In her new feature, co-writer-director Fabienne Berthaud attempts to portray personal reinvention in the face of turmoil, a novel gaze upon the mid-life crisis. This endeavor is largely a failed one. Sky is plagued by nonsensical narrative twists, a lack of charisma and pathos in key performances, a reduction to contrived melodrama in the final act and overzealous editing.
Sky tells the story of Romy (Diane Kruger), a French tourist on holiday to the U.S. West with her husband Richard (Gilles Lellouche). Their relationship is clearly in turmoil and Richard continues to escalate the tension. After a drunken display, he attacks his wife, who defends herself and flees in despair. Throughout the rest of the film, she struggles for self-reinvention as an unmarried woman. Her confidence and independence wax and wane, she hitchhikes, moves into a shared room in Las Vegas and hooks up with a casino carouser, Diego (Norman Reedus). Diego strikes a nerve in Romy and she follows him to his home in the southern California desert. There, she meets his trailer-park sister-in-law Billie (Lena Dunham, in a ridiculous and offensive role), finds a job at a diner and achieves both personal triumph and tragedy.

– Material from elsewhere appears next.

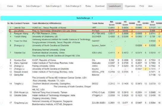 江西企業(yè)網(wǎng)訊 近日,在國(guó)際醫(yī)學(xué)影像頂級(jí)會(huì)議ISBI舉辦的IDRiD眼底圖分析競(jìng)賽中,中國(guó)平安集團(tuán)旗下平安科技的平安穎像平臺(tái)表現(xiàn)優(yōu)異,斬獲硬性滲出物(EX)分割任務(wù)世界第一,出血(HE)分割任務(wù)世界第二,以及微動(dòng)脈瘤(MA)分割任務(wù)世界第三的好成績(jī)。這是繼平安穎像平臺(tái)在國(guó)際醫(yī)學(xué)影像領(lǐng)域權(quán)威評(píng)測(cè)LUNA排行榜獲得世界第一后,再次獲得世界級(jí)大獎(jiǎng)。

The film’s biggest issues are related to Romy. Her journey through the desert lacks any narrative sense. The poorly-constructed plot is exacerbated by the way the lead character is portrayed. She comes across as flat and inconsistent. Berthaud is seemingly going for a profound inconstancy and emotional brokenness, but neither Kruger’s performance nor the script allows for this. Romy is at times vulnerable and vacant and at others assertive and in control. Berthaud did not give Kruger the guidance to know what she is supposed to be playing. At the beginning of Sky, Romy is artfully taking photos, suggesting some mystical sensibility or love of nature. But aside from a half-baked encounter with a Native American co-worker’s grandmother, the film never returns to this version of Romy. She is not the creative wanderer in the wilderness; rather, she is imminently practical and painfully myopic. Her driftlessness seems intended as an important statement on twenty-first century living, but the execution is off and it suggests instead poor filmmaking.

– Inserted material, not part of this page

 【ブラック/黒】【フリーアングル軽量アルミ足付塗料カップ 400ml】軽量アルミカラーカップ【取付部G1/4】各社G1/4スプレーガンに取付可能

Romy’s inconsistency is mirrored in other aspects of the film. Sky starts as a road movie, drifts into noir territory and at times looks and feels like the collision of arthouse and grindhouse of ‘70s Hollywood. For fleeting moments, the atmosphere is outright Lynchian. Nathalie Durand’s cinematography during these moments is breathtaking, capturing desert vistas, driving sequences and Vegas neon in captivating and evocative ways. Unfortunately, the film eventually abandons these atmospheric moments and becomes a family/relationship melodrama in the worst possible sense. It exaggerates tired filmic tropes, displaces Durand’s photography for exposition and ignores gaping plot holes. Romy, for instance, is apparently immune to property and immigration laws. The climax arrives without explanation, is predictable and leads to a ludicrously unearned denouement.
For the sake of fairness, all of Sky’s shortcomings should not be placed on Berthaud. Auteur theory is tempting, but filmmaking is an act of collaboration and it seems that much of Sky was left in the cutting room. Surely Duane, a trucker played by Lou Diamond Phillips, originally had more than one line in the film. Many of the relationships Romy forms with subsidiary characters are under-explained or aborted, another probable product of intensive editorial intervention.

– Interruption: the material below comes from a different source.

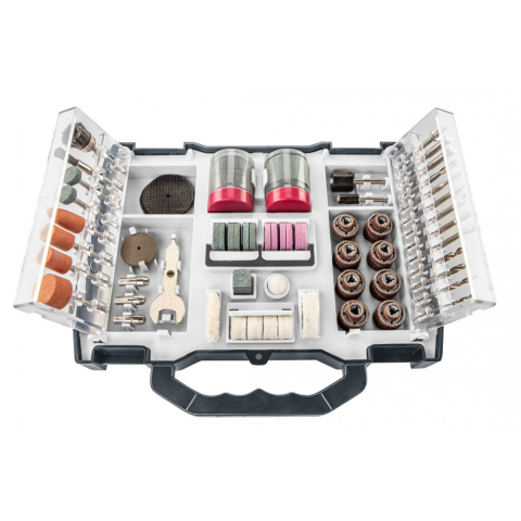 Tartozékkészlet mini multifunkciós géphez GRAPHITE (cikkszám:. 55H084), a készlet 99 részes: fúrók, vágó- és csiszolókorongok, marók, kövek, kefék és szalagok... Alkalmasak a legtöbb anyag élesítésére, simítására, sorjázására és általános csiszolására. Al

The film attempts to portray self-discovery, human relationships and the despair of unmoored feminine existence. These are some of the grandest ideas tackled in cinema, and conjure names as diverse as Cassavetes, Malick and (early) Fellini. Sky, however, fails to back up its claims with anything of substance. Romy is no woman under the influence, nor is she Cabiria’s heir, even if her story has definitive echoes of each.